For Greece, the real GDP is almost negative and has not changed over the review period of 1999-2011. However, Australia posses mixed results with a massive drop from its highest levels of over 7000 in 2004 to below 1000 level in 2005. From 2006, the country has experienced a renewed hope in the movement of its GDP but the speed of its growth is still not at its optimum levels compared to previous years.

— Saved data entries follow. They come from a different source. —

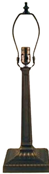
Mission 323 mm Code: LB9210
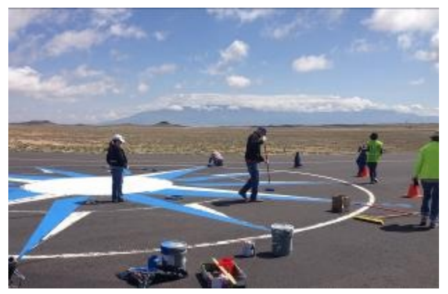
Ninety-Nines re-painting the Compass Rose at KAEG
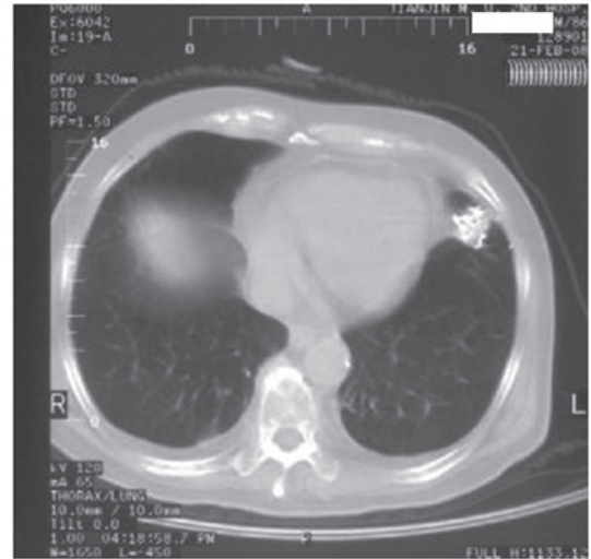
Figure 5. Left pulmonary metastases reduced by >50% following 125 I brachytherapy for six months.
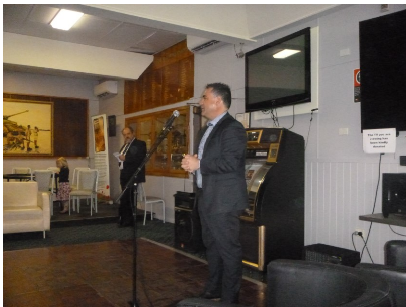
John Barilaro, National Party member for Eden-Monaro at the Open Day ceremony held at the Braidwood Servicemen's Club on Friday the 17 th June 2016 for Braidwood FM's new studios.
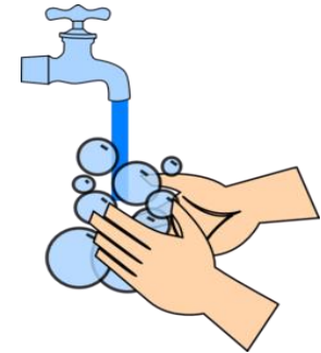
wash your hands all over, being sure to clean in between fingers, under fingernails, around wrists and both the palms and backs of hands
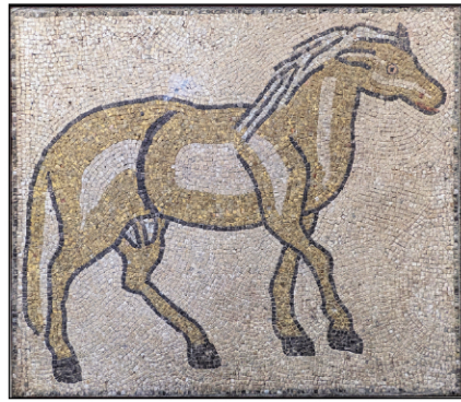
Large Late Roman Mosaic
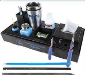
5S Tool Organizers
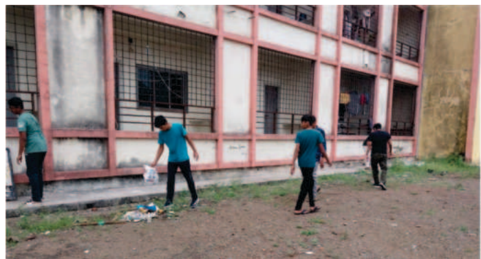
Collection of Waste Plastics around the Boys Hostel

Cleaning of hostel area, Removal of weed, collection of plastic Hostel decoration type of activities where conducted under the Clean India Programme during 16/10/2023 to 18/10/2023 (Three days). One seminar was also organized by polytechnic staff at last Day of this programme.

THE annual GDP in almost all three countries are on their downward trends. Greece has since recorded a steady negative economic growth from its highest of over 5 percent to lowest levels at below negative 5 percent. China, on the other hand, has also recorded a slight decrease as a result of the financial crisis of 2007-2008. But after the crisis, the economy is stabilizing again but still a sluggish trend is evident. Finally, Australia has managed to maintain its growth at a balanced level and even recorded a positive value between the 2007-2008 crisis periods. After 2008, the economy recorded a slight decline but is on the recovery trend.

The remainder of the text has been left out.